Cremated Remains of 9 Jonestown Victims Found in Old Dover Funeral Home

DOVER, Del. (WBOC/AP)- The cremated remains of nine victims of a 1978 mass cult suicide-murder in Jonestown, Guyana, have turned up in a former funeral home in Dover, officials said Thursday.

It's part of a story WBOC first broke Wednesday evening.

   

The Delaware Division of Forensic Science has taken possession of the remains, discovered at the former Minus Funeral Home on North Queen Street, and is working to make identifications and notify relatives, the agency and the Dover Police Department said in a statement.

Last week, the DFS responded to a request to check the former dilapidated funeral home in Dover after 38 containers of cremated remains were discovered inside. Thirty-three containers were marked and identified. They spanned a period from about 1970 to the 1990s and included the Jonestown remains. The DFS said its staff will work to identify the current unidentified remains and will in turn notify family or arrange for final disposition.

On Wednesday, the DFS, along with the Dover and New Castle County police departments, also conducted an "exploratory excavation" on the former funeral home property.

"They decided they would check the exterior of the building," said Cpl. Mark Hoffman, spokesman for the Dover Police Department. "During that time they noticed three depressions with disturbed soil. At that time the decision was made to and excavate those areas."

They discovered an arrowhead, two animal bones, oyster shells and charcoals.

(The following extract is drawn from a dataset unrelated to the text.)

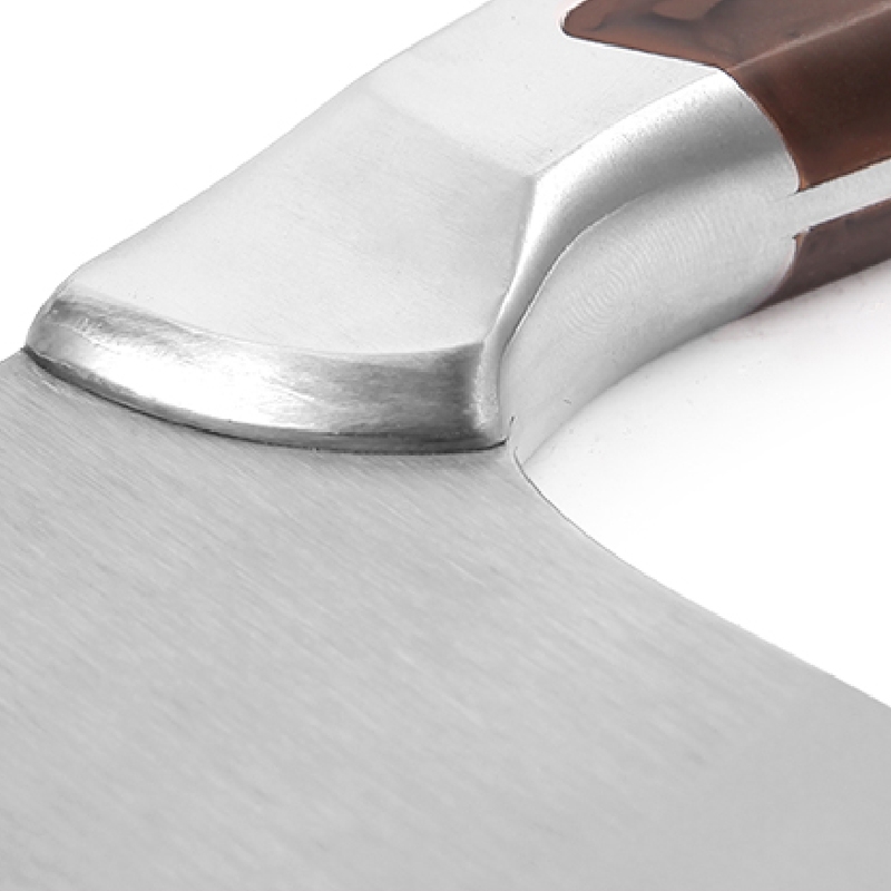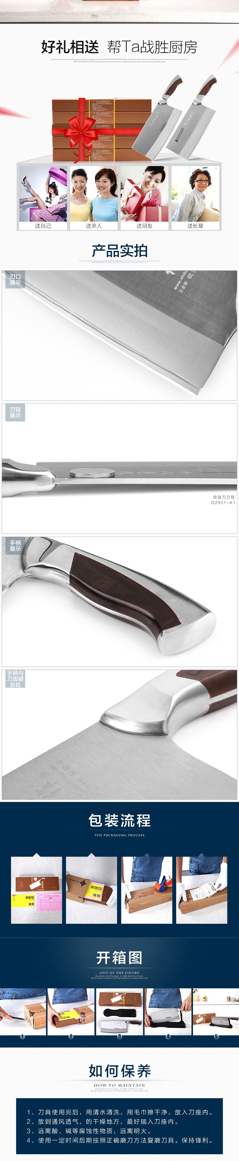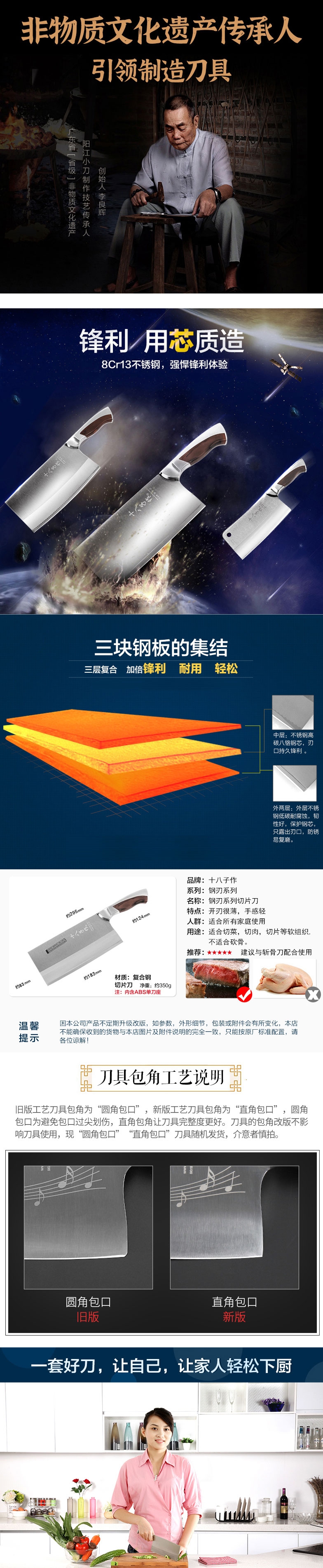 刃口偏向切片功能,适用于蔬菜、鲜肉的切片、切丝;超薄开刃,锋利升级,切割顺畅;采用三层复合不锈钢80Cr13,具有防腐蚀、易复磨

William Crawford has lived across the street from the old funeral home for years. He watched Wednesday as the digging was happening.

"It's a mystery solved. Everybody was concerned," he said. "There were a lot of different concerns about what had actually taken place."

On Nov. 18, 1978, gunmen from the Peoples Temple cult ambushed and killed U.S. Rep. Leo Ryan of California, three newsmen and a defector from the group at a remote jungle airstrip as they visited on a fact-finding mission to investigate reports of abuses of members.

   

Cult leader Jim Jones then orchestrated a ritual of mass murder and suicide at the temple's nearby agricultural commune, ordering followers to drink cyanide-laced grape punch. Most of them complied, although survivors described some people being shot, injected with poison, or forced to drink the deadly beverage when they tried to resist.

   

After the deaths, bodies of 911 massacre victims were brought to Dover Air Force Base, home to the U.S. military's largest mortuary. Many of the bodies were decomposed and could not be identified. Several cemeteries refused to take them until the Evergreen Cemetery in Oakland, California, stepped forward in 1979 and accepted 409 bodies. The remaining victims were cremated or buried in family cemeteries.

WBOC spoke with officials at Air Force Mortuary Affairs Operations. They say they are looking into the situation. But finding information about something that happened so long ago is difficult.

Crawford was living in Dover in 1978. He remembers the time right after Jonestown.

"It was a sad occasion," said Crawford. "It was a lot of hustle and bustle, a lot of excitement, a lot of electricity in the air at the time and a lot of sadness, too, because so many souls were lost."

Police do not suspect foul play. DFS calls this a simple case of unclaimed remains.

Searchers also found several bronze grave site markers for deceased veterans who served in World War I through the Vietnam War during an initial check of the building. Officials said if family members can be located through the Veterans Administration, the markers will be given to them.

   

Jones ran the Peoples Temple in San Francisco in the early 1970s. He established a free health clinic and a drug rehabilitation program, eventually emerging as a political force. He became chairman of the San Francisco Housing Authority in 1976. But allegations of wrongdoing mounted, and Jones moved the settlement to Guyana, the only English-speaking country in South America. The cult leader believed he would be safe there from what he perceived as media and police persecution. Hundreds of followers moved to Jonestown, seeking socialism and racial harmony.